William Cofield honored at new ‘conceptual’ high school

Virginia Cofield, left, looks on as Franklin County Schools Board member Jennifer Grisham-Brown, right, presents William Cofield with a plaque at the ceremony to open the new William Cofield High School, located in the Franklin County Career and Technical Center Monday afternoon. (Chanda Veno/State Journal)

It’s not every day that a high school is named in your honor. For William Cofield, a 25-year member of the Franklin County Board of Education, that day was Monday.

Surrounded by students, teachers, staff and board members, Cofield accepted a plaque officially dedicating William Cofield High School, a “conceptual” school housed in the Franklin County Career and Technical Center.

“We really are tickled,” said Virginia Cofield, his wife, reminiscing of the numerous times she dropped her husband off at board meetings only to pick him up hours later. “I can’t thank you enough.”

WCHS, which opened Oct. 9, the Monday after fall break, has a current enrollment of 16, with four more slated to start this week, Franklin County Schools Superintendent Mark Kopp said.

The performance-based program allows students the opportunity to graduate with a full-fledged diploma in a non-traditional school setting.

For 17-year-old Marcus Hughes, who is studying English III and global studies and also holds down a job, WCHS is ideal.

“I like the individual learning because I can do it at my own pace,” he said while researching classwork on his laptop. “And here, I don’t have to raise my hand.”

With Hughes’ busy schedule, fitting school in was imperative. He attends classes from 8:30 a.m. to 3:20 p.m., then puts in a five-hour shift making sandwiches at Jimmy John’s.

“Another great thing about this school is that we get to know each other pretty well and we can help and motivate each other,” he said.

Sitting next to him on an overstuffed leather couch, fellow senior Eric Weghorn, who is hoping to attend college next year, agreed.

“Plus, the teachers are around if I need any help,” he said.

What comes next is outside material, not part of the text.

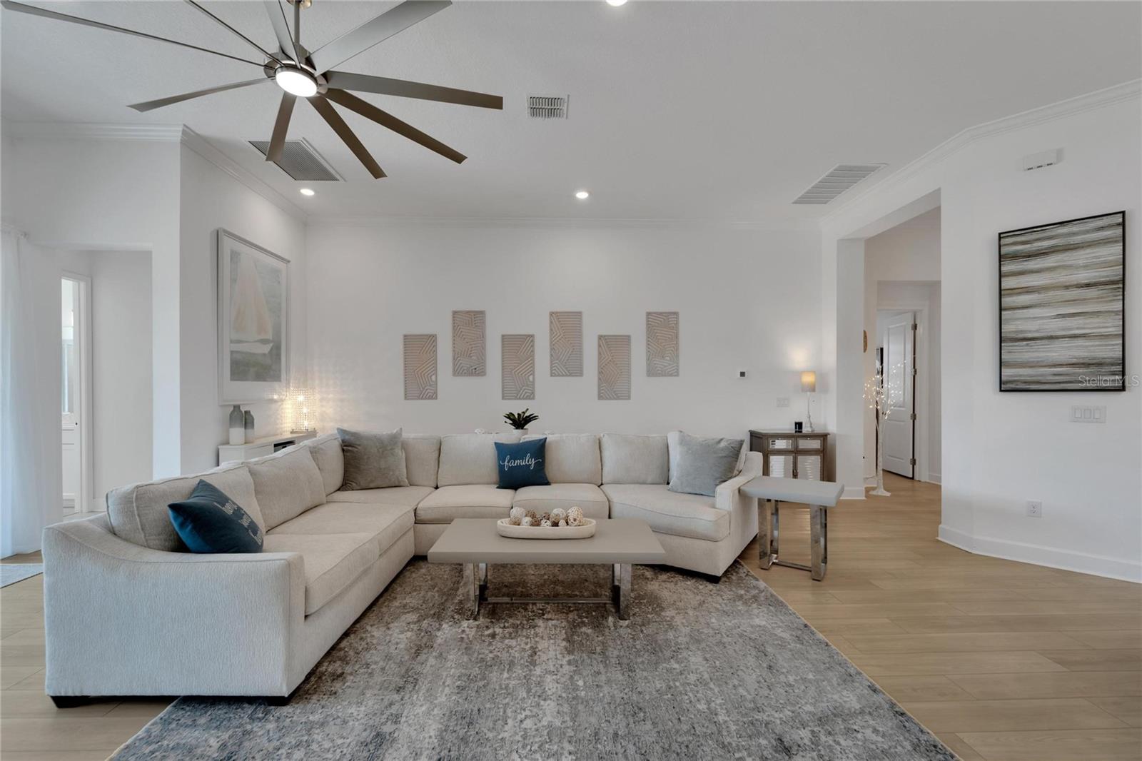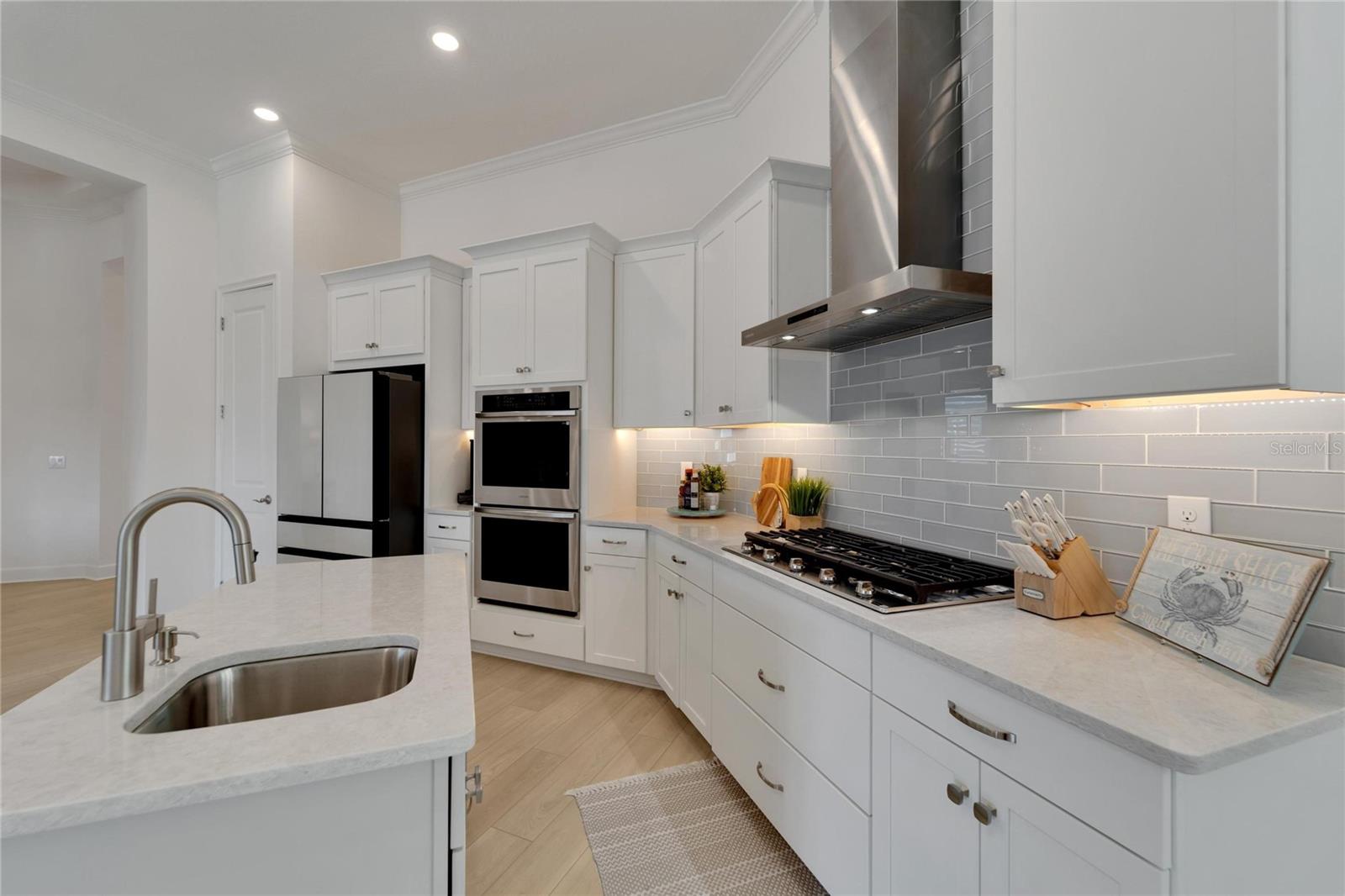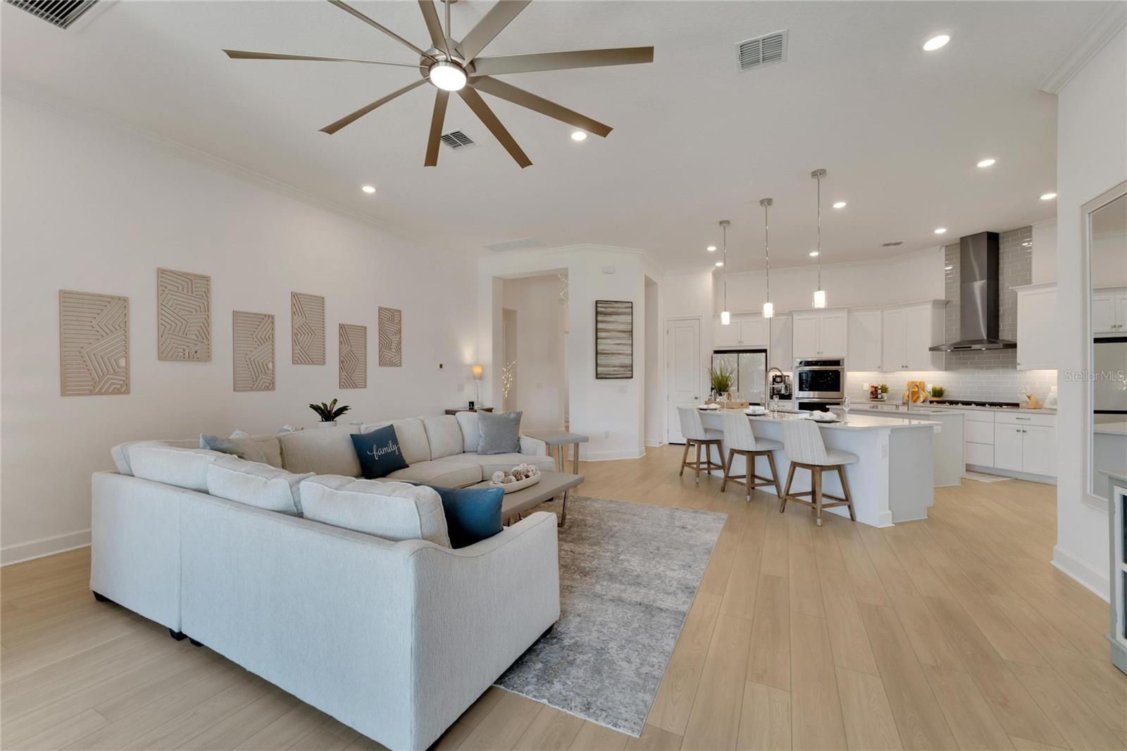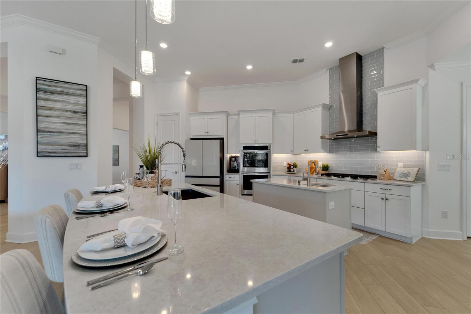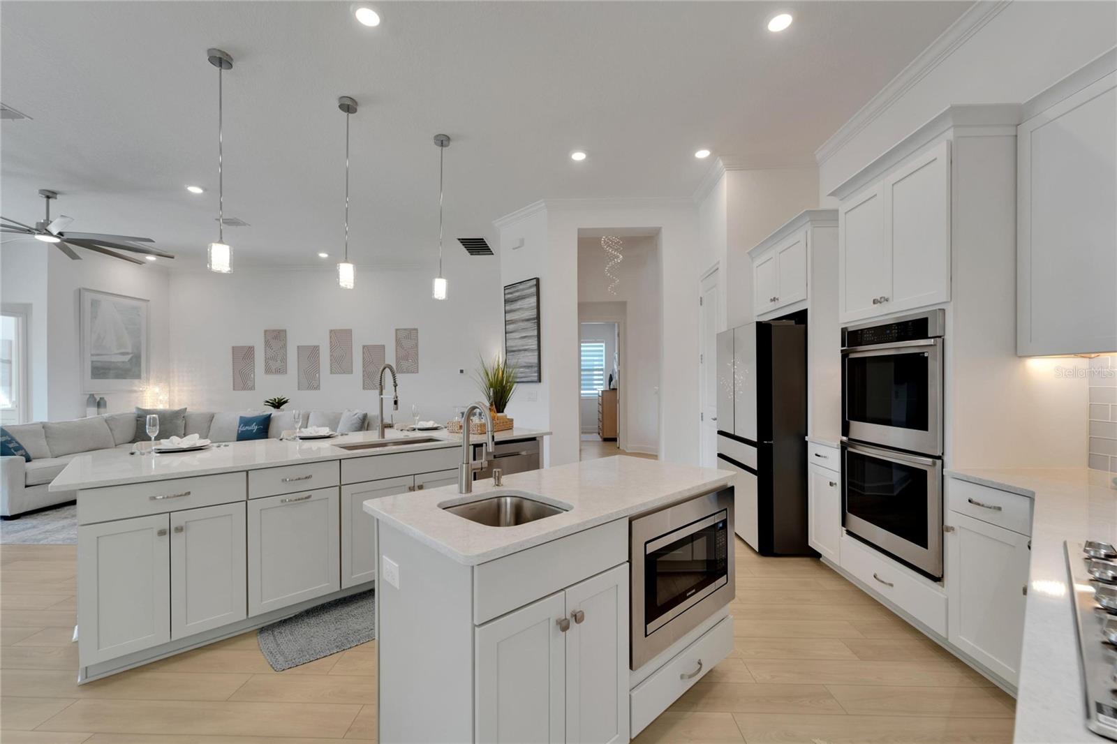 Welcome to 1074 Signet Drive, Apollo Beach, FL. Hurry and take advantage of this better-than-new, less than two year old coastal chic modern craftsman design in the sought-after Marisol Pointe of MiraBay. Say NO to 20 year old homes with 20 year old roofs, HVAC, décor and appliances. Say NO to needing to pass through a community boat lift to head out on the water. Say NO to a 20 year old pool with someone else’s tastes. At 1074 Signet, you can live the ultimate waterfront lifestyle located closer to Tampa Bay than almost any home in Mirabay. Priced to move, this stunning coastal home offers direct canal access with open water less than 5 minutes away and pre-approval for an unrestricted dock and lift. Plan and build your dream pool - not someone else's - with gas and 220V power ready to go. Better yet, pool construction can be conveniently rolled into your mortgage. Built with all of the latest technology including a 12’+ elevated lot, sturdy stem wall design, and spanning 2,636 sq. ft. on a single-level floor plan, this spacious home features 4 bedrooms, 3 bathrooms, 3 garages, a gourmet kitchen, formal dining room, and a private office with French doors—perfect for working from home or managing your next big project. Built in late 2023 with over $80,000 in high-end upgrades, this home is truly move-in ready. Enjoy a dream kitchen complete with two islands, two sinks, twin ovens, and a 36” gas cooktop—perfect for entertaining or simply enjoying everyday life. Luxury vinyl plank flooring flows throughout, paired with upgraded cabinetry, countertops, fixtures, and window treatments. The fully fenced backyard and prepaid dock easement are just added bonuses. Step onto your covered lanai and soak in breathtaking sunset views over the mangroves—your peaceful escape after a day on the water. As part of the vibrant MiraBay community, you’ll also enjoy resort-style amenities including a clubhouse, café, fitness center, sauna, two heated pools (one with lap lanes and a slide), tennis, basketball, pickleball courts, and more—all in a golf cart-friendly neighborhood near top-rated schools, shops, and restaurants. This is more than a home—it’s a lifestyle. Don’t miss your chance to own this rare waterfront gem and watch your equity grow and grow. Schedule your private tour today!

The school, structured as an A5 alternative program, utilizes curriculum through Apex learning, a virtual system that allows flexibility and an enhanced learning experience — allowing students to receive their diploma with 22 completed credits instead of 26.

After thanking those in attendance, Virginia Cofield said: “I hope the young people here will do the best they can and make something of themselves out there. That would make us so proud.”